In 1799, the Novo-Arkhangelsk trading post was established, and Emperor Paul I chartered the Russian American Company. A decision was made not to limit trade to the European market, but to use the Chinese port city of Canton (Guangzhou) and the European trading bases there as the main market. The permanent Russian population of Alaska grew, reaching several hundred families. The Aleuts, instead of resisting the newcomers, began to work for them, learning the language and converting to the Orthodox faith.

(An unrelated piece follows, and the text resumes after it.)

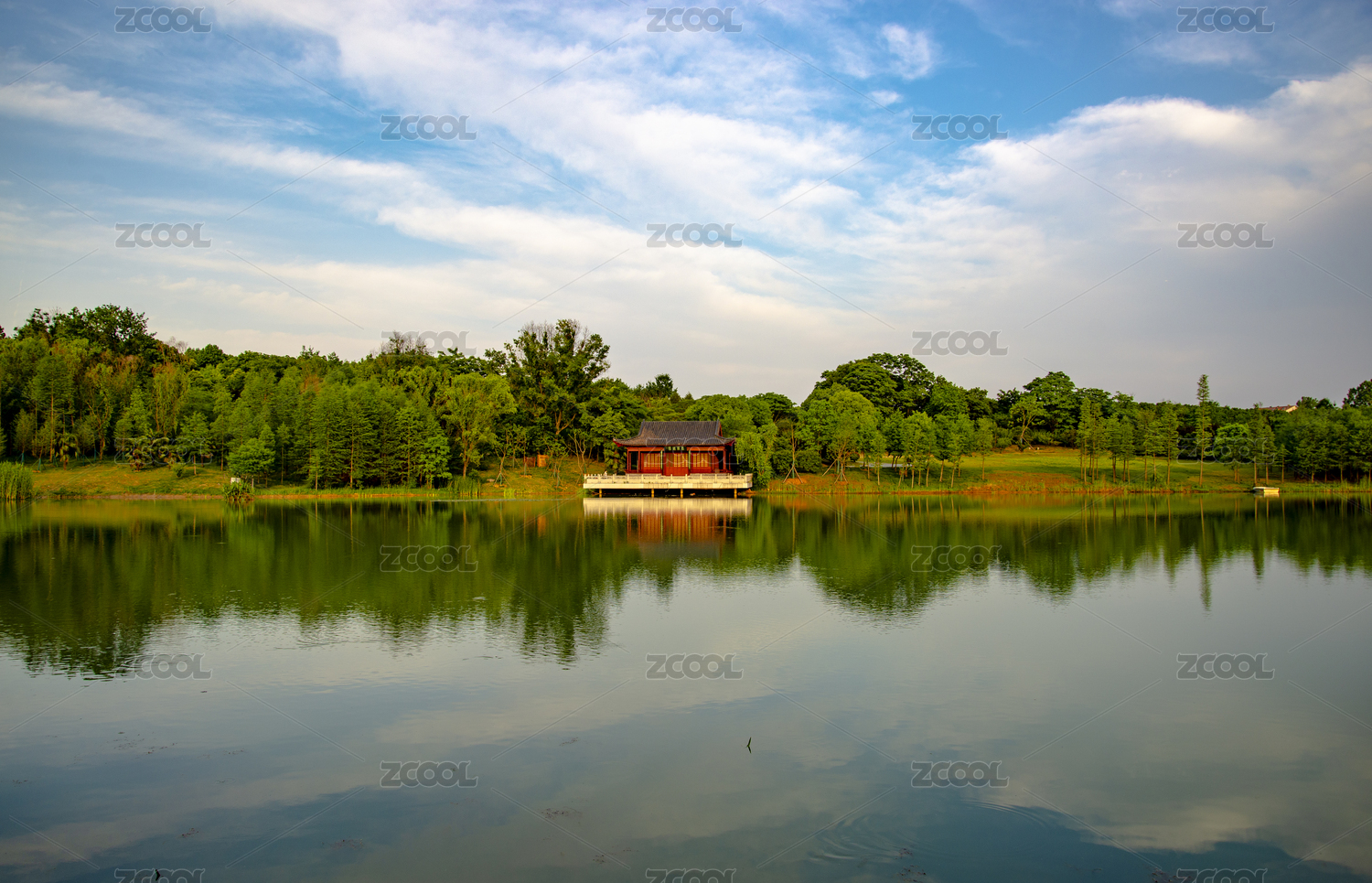 湖畔中式景致风光如画

From 1790, the senior manager of the enterprise was Pomor merchant Alexander Baranov. But Russian-American company co-founder Nikolai Rezanov wanted to see everything for himself. In 1803, he and a small retinue were part of the first Russian round-the-world expedition led by Ivan Kruzenshtern and Yuri Lisyansky. Ten days after their departure, the head of the expedition was notified that in fact it was Rezanov who had senior authority over the enterprise, sponsoring the entire voyage, and was to be appointed the first ambassador of Russia to Japan.

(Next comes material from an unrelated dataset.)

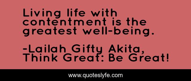 "Lailah Gifty Akita, Think Great: Be Great! Quotes." Quoteslyfe.com, 2025. Fri. 05 Dec. 2025. <https://www.quoteslyfe.com/quote/Living-life-with-contentment-is-the-greatest-97226>.
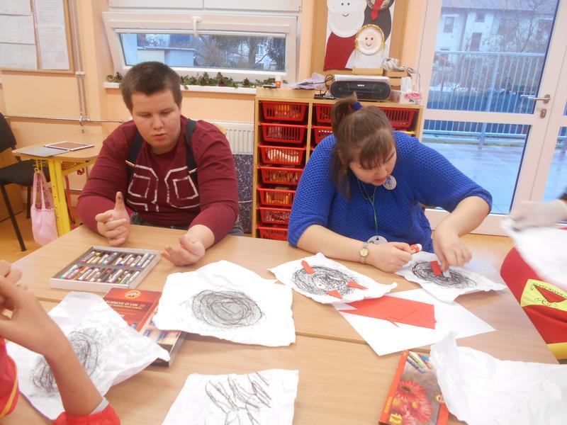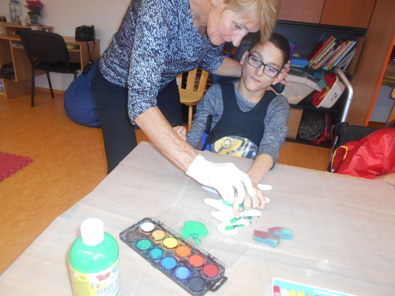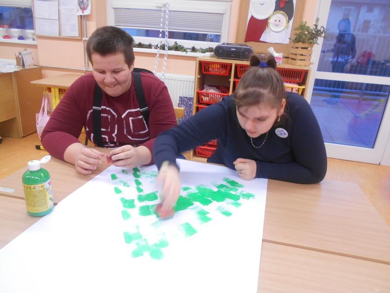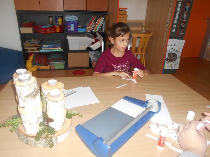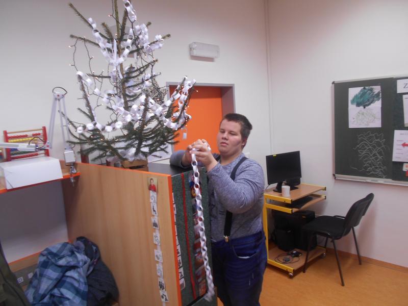 Žáci I. třídy si vyzdobili třídu papírovými čerty, společně udělali dlouhý papírový řetěz na vánoční stromeček a také namalovali papírový strom.

During the whole journey, Kruzenshtern and Rezanov engaged in power struggles and only the governor of Kamchatka eventually reconciled them on the opposite side of the Earth.

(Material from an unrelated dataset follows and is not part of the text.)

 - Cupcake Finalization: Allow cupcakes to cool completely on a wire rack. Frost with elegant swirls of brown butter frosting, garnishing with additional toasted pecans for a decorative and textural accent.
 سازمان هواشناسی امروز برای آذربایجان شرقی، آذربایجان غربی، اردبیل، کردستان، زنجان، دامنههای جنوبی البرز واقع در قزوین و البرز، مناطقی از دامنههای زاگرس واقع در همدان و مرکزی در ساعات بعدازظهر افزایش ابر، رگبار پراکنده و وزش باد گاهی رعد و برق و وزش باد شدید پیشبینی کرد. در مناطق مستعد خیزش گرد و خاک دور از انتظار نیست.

Sometime before that, the vessels ‘Hope’ and ‘Neva’ sailed to the shores of Hawaii to replenish supplies. The guests were warmly welcomed, although King Kamehameha could not receive the explorers. He was preparing for the second attempt to invade Kauai together with his warriors on a neighboring island and, together with them, was ill with an unknown disease (the campaign would never take place). Russian sailors also visited his rival, Kaumualii, who, being in a hopeless situation, was ready to swear allegiance to the Russian emperor right then and there, just to get military assistance. However, Kruzenshtern had other plans, and the ships sailed further along their routes.
Rezanov was never accepted as an ambassador in isolationist Japan and, arriving in Novo-Arkhangelsk, found the settlement in a depressing state. At the time, all provisions except for fish were delivered from Siberia via Okhotsk by sea, and by means of just one ship. The journey took two to three months. Of course, by the time of delivery, the supplies were far from fresh. It became clear to Rezanov that in order to continue the enterprise, it was necessary to ensure the safety of goods. To this end, he went down the coast on two ships, mapped out a place in northern California for an agrarian colony (the future Fort Ross), and visited Spanish San Francisco, where he made a great impression on the governor, established trade relations, and married the daughter of a local general. The ultimately sad fate of Rezanov is known from the work ‘Juno and Avos’, but his ideas were later used by the ‘ruler’ of ‘Russian America’, Baranov.